The implications of Miller's work, contained in his five volume atlas, are huge. If a link exists between some of the radionuclides and certain types of cancers, physicians across the country could use that information as an important diagnostic tool. They could ask patients where they grew up and where they've lived. If a patient lived in an area that got hit with high levels of Cobalt 60, for instance, a physician might want to consider looking at female colon cancer, which seems to be highly correlated with Cobalt 60 deposits.

So far, he's had no luck convincing Congress to continue such studies. "I would think that some senators and representatives would look at their own families and the people they know and love who have cancer and want to study this more, " says Miller. "I would think they owe it to their constituency."

Atomic weapons testing was a very unique period of history, and everyone's backyard was a part of that history. "It's a technohistory that we've ignored," he says.

Not only have we ignored that chapter of our past, but we don't seem to have learned anything from the human toll of nuclear weapons testing. In fact, the Bush administration is making noise about starting up nuclear testing again. "That's probably going to happen," says Miller. "At some point - perhaps during the so-called bunker-buster tests - I would not be surprised to see what in effect will be above ground nuclear testing. Some of these things are supposed to have 300-kiloton warheads. There is no way a device like that can be field tested without producing a huge debris cloud."
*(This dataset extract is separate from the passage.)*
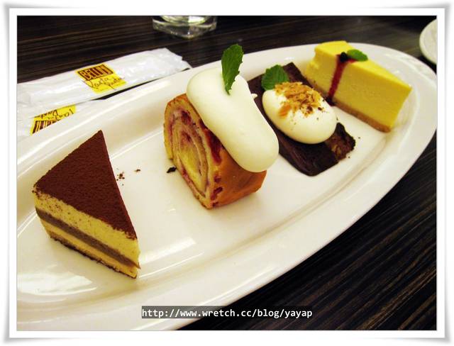 簡單來說,就是堤拉米酥、瑞士卷、起司蛋糕、巧克力蛋糕這四種。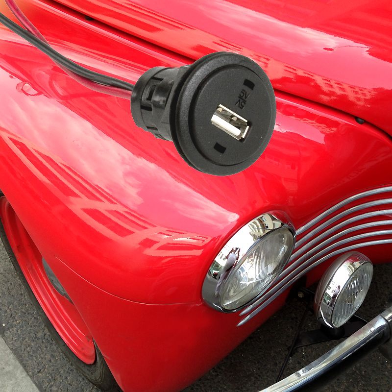 Mit dieser Einbausteckdose können Sie professionell eine USB-Ladebuchse in Ihrem Auto, LKW, Wohnmobil oder Boot nachrüsten. Das rückwärtige, 2-polige Kabel wird einfach an das 12V Bordnetz angeklemmt. Rot ist Plus.

Given what he knows, isn't Miller tempted to become an activist? "You know," he says, "I followed my first book on nuclear testing with a novel, The Atomic Express. In it I included everything I knew about the military, about nuclear weapons, the 1950s, and everything else. In that book I projected what some might suggest is a negative view of the Atomic Energy Commission. If someone wants my personal opinion about the bomb, they can read that. But research for the Fallout Atlas was different. For that research I was just trying to learn something new. That was my only stake in the data. I always got a kick out of seeing those statistical results for the first time. There for a while, it was at least one surprise a day. Just being able to parse the data was enough for me. I always say the data should speak for itself. Look at the data."

Miller's data, indeed, makes a powerful case. Just look at the map. It speaks volumes.